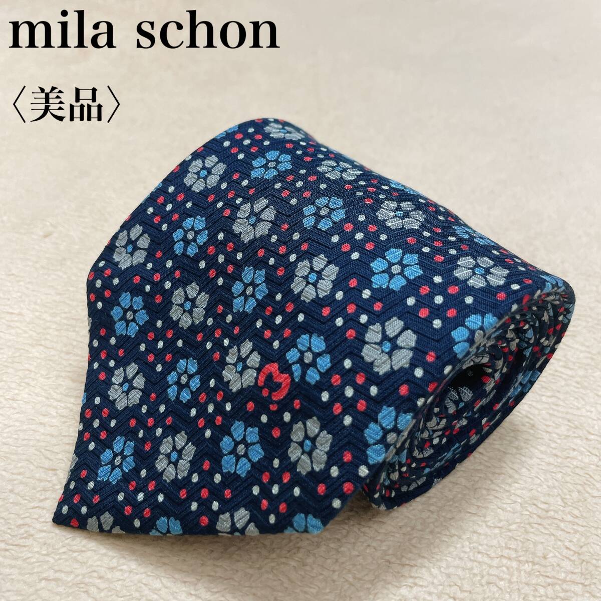 > 【美品】mila schon ミラショーン シルク ネクタイ 花柄 小紋 上品 イタリア製 ネイビー 高級感 エレガント ビジネス スーツ ドット 4-14
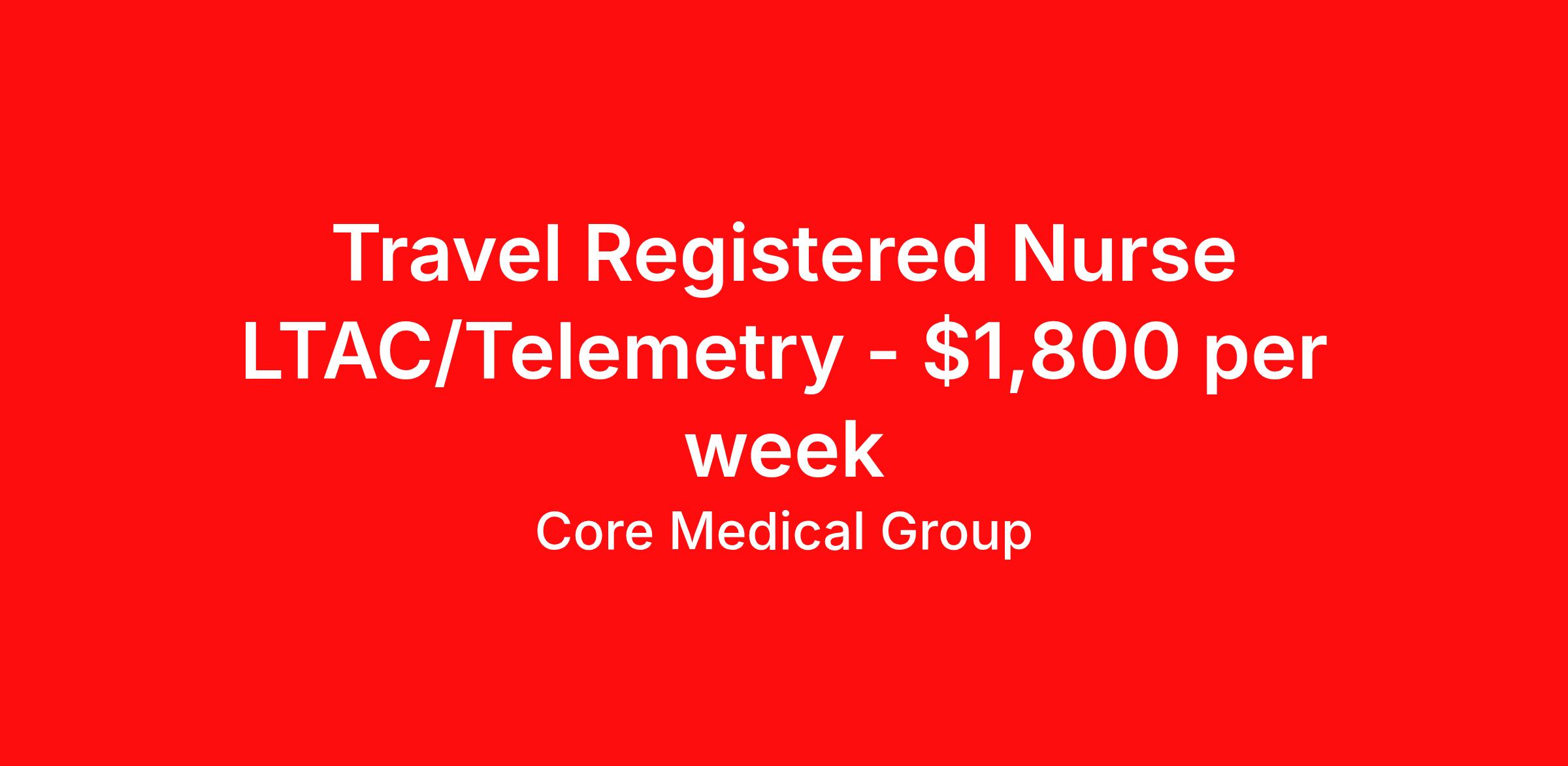 Core Medical Group is seeking a travel nurse RN Long Term Acute Care for a travel nursing job in Lima, Ohio. Job Description & Requirements Specialty: Long Term Acute Care Discipline: RN Start Date: 04/20/2026 Duration: 13 weeks 36 hours per week Shift: 12 hours Employment Type: Travel Client in OH seeking Registered Nurse: LTAC / Long-Term Acute Care for the following shift(s): Nights We are looking for a healthcare professional who is ready to provide exceptional patient care in this contract/travel role. Contract/travel assignments are typically 13 weeks, with potential to extend. Help us continue our mission to connect people, improve lives, and give back to the community by joining the CoreMedical Group team. When you work with CoreMedical Group, we put you first and treat you like family, supporting you every step of the way. CoreMedical Group is one of the largest healthcare staffing agencies in the country, with travel and contract positions located across the United States. Our recruiters will help you find the perfect job, whether it's across the country or across the street. In addition to dedicated, personalized support from your recruiter, when you work with CoreMedical Group you'll receive: Access to an extensive benefits package, including day 1 health, dental, and vision insurance, employer paid life insurance, a health reimbursement account, and more! Weekly paychecks with competitive pay packages Matching 401(k) benefits to help you save for retirement Licensure assistance and reimbursement to set you up for success on your contract Travel reimbursement and dedicated housing support while on assignment Referral cash bonuses when you connect us with other clinicians CoreMedical Group also offers you a free, all-inclusive vacation each year as our way of saying "thank you" for your hard work. Join other healthcare professionals on the annual Club CoreMed retreat and you'll see why our contract and travel professionals come back to us year after year! Your career is too valuable to tackle on your own. Let CoreMedical Group help you with your healthcare journey! *Estimate of weekly payments is intended for informational purposes and includes hourly wages, as well as reimbursements for meal & incidental expenses, and housing expenses incurred on behalf of the Company. Any benefits (medical/dental/vision) are in addition to the weekly pay. Please speak with your Recruiter for additional details. Estimated payments are subject to change until formal offer of assignment is made and accepted. Core Medical Group Job ID 1367817. Pay package is based on 12 hour shifts and 36 hours per week (subject to confirmation) with tax-free stipend amount to be determined. Posted job title: RN About Core Medical Group CoreMedical Group is one of the largest healthcare staffing agencies in the country. We have jobs nationwide in travel nursing, travel allied health, interim, locum tenens, and permanent placements! Join the staffing agency with Club CoreMed, the best perk in the industry - an all inclusive paid trip to a tropical resort! Benefits Weekly pay Holiday Pay Guaranteed Hours Continuing Education 401k retirement plan Pet insurance Company provided housing options Sick pay Wellness and fitness programs Mileage reimbursement Referral bonus Employee assistance programs Medical benefits Dental benefits Vision benefits Benefits start day 1 License and certification reimbursement Life insurance Discount program
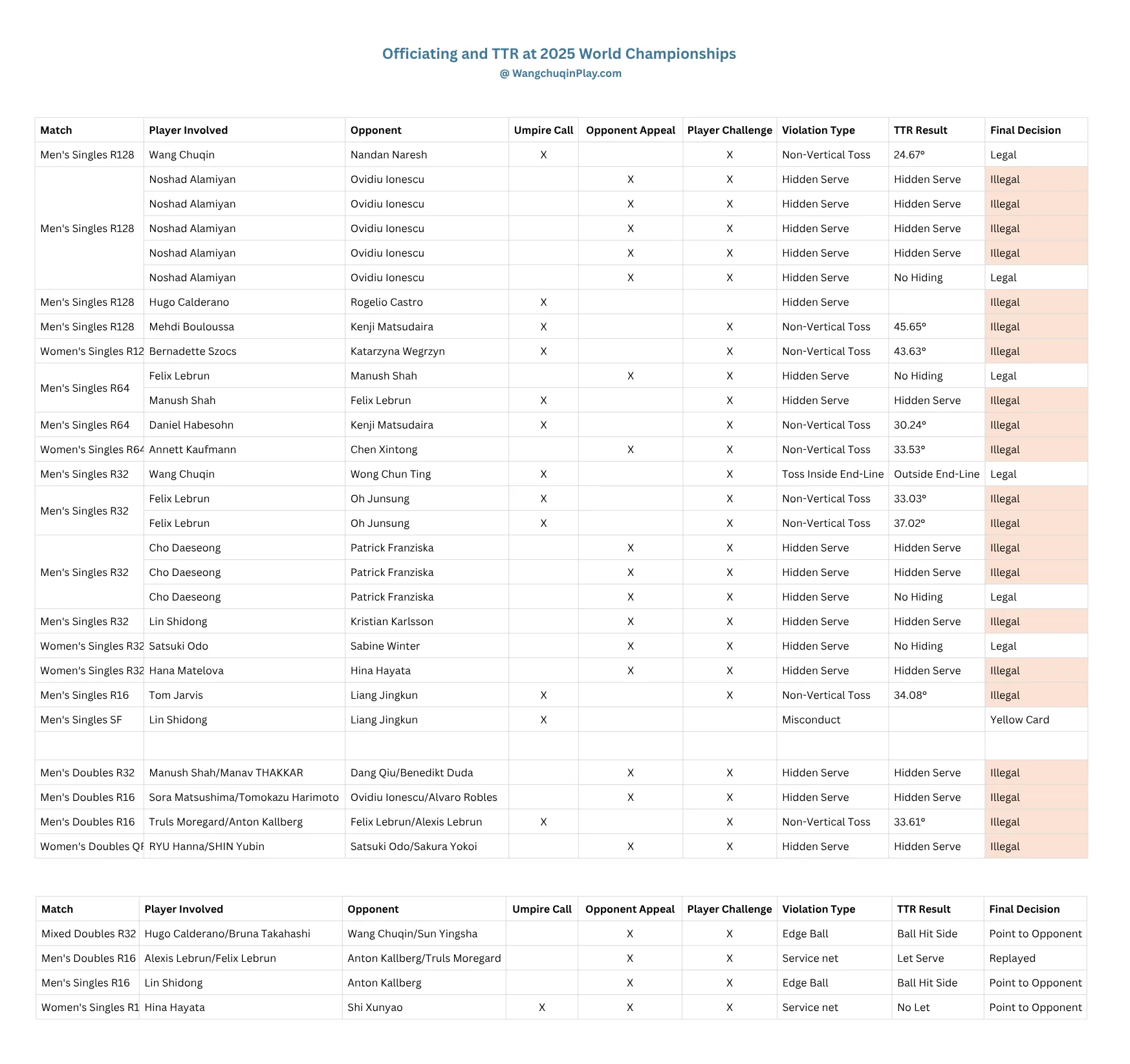 At WTTC, Wang Chuqin was called twice for his service. In the men’s singles R128, the umpire ruled his toss angle illegal, but TTR confirmed it was 24.67°, within the 30° limit. In the R32, he was called for tossing the ball inside the end-line, but TTR showed the toss was outside. Both challenges were successful and were the only ones that overturned umpire decisions at the tournament. Quick, clear, and confident.
☆ ☆ ☆ ☆ ☆ ☆ ☆
◆ **Task to complete**:
An exact reproduction of the data is needed, with no pictures included.

◆ **Answer section**:
 > 【美品】mila schon ミラショーン シルク ネクタイ 花柄 小紋 上品 イタリア製 ネイビー 高級感 エレガント ビジネス スーツ ドット 4-14
 Core Medical Group is seeking a travel nurse RN Long Term Acute Care for a travel nursing job in Lima, Ohio. Job Description & Requirements Specialty: Long Term Acute Care Discipline: RN Start Date: 04/20/2026 Duration: 13 weeks 36 hours per week Shift: 12 hours Employment Type: Travel Client in OH seeking Registered Nurse: LTAC / Long-Term Acute Care for the following shift(s): Nights We are looking for a healthcare professional who is ready to provide exceptional patient care in this contract/travel role. Contract/travel assignments are typically 13 weeks, with potential to extend. Help us continue our mission to connect people, improve lives, and give back to the community by joining the CoreMedical Group team. When you work with CoreMedical Group, we put you first and treat you like family, supporting you every step of the way. CoreMedical Group is one of the largest healthcare staffing agencies in the country, with travel and contract positions located across the United States. Our recruiters will help you find the perfect job, whether it's across the country or across the street. In addition to dedicated, personalized support from your recruiter, when you work with CoreMedical Group you'll receive: Access to an extensive benefits package, including day 1 health, dental, and vision insurance, employer paid life insurance, a health reimbursement account, and more! Weekly paychecks with competitive pay packages Matching 401(k) benefits to help you save for retirement Licensure assistance and reimbursement to set you up for success on your contract Travel reimbursement and dedicated housing support while on assignment Referral cash bonuses when you connect us with other clinicians CoreMedical Group also offers you a free, all-inclusive vacation each year as our way of saying "thank you" for your hard work. Join other healthcare professionals on the annual Club CoreMed retreat and you'll see why our contract and travel professionals come back to us year after year! Your career is too valuable to tackle on your own. Let CoreMedical Group help you with your healthcare journey! *Estimate of weekly payments is intended for informational purposes and includes hourly wages, as well as reimbursements for meal & incidental expenses, and housing expenses incurred on behalf of the Company. Any benefits (medical/dental/vision) are in addition to the weekly pay. Please speak with your Recruiter for additional details. Estimated payments are subject to change until formal offer of assignment is made and accepted. Core Medical Group Job ID 1367817. Pay package is based on 12 hour shifts and 36 hours per week (subject to confirmation) with tax-free stipend amount to be determined. Posted job title: RN About Core Medical Group CoreMedical Group is one of the largest healthcare staffing agencies in the country. We have jobs nationwide in travel nursing, travel allied health, interim, locum tenens, and permanent placements! Join the staffing agency with Club CoreMed, the best perk in the industry - an all inclusive paid trip to a tropical resort! Benefits Weekly pay Holiday Pay Guaranteed Hours Continuing Education 401k retirement plan Pet insurance Company provided housing options Sick pay Wellness and fitness programs Mileage reimbursement Referral bonus Employee assistance programs Medical benefits Dental benefits Vision benefits Benefits start day 1 License and certification reimbursement Life insurance Discount program
 At WTTC, Wang Chuqin was called twice for his service. In the men’s singles R128, the umpire ruled his toss angle illegal, but TTR confirmed it was 24.67°, within the 30° limit. In the R32, he was called for tossing the ball inside the end-line, but TTR showed the toss was outside. Both challenges were successful and were the only ones that overturned umpire decisions at the tournament. Quick, clear, and confident.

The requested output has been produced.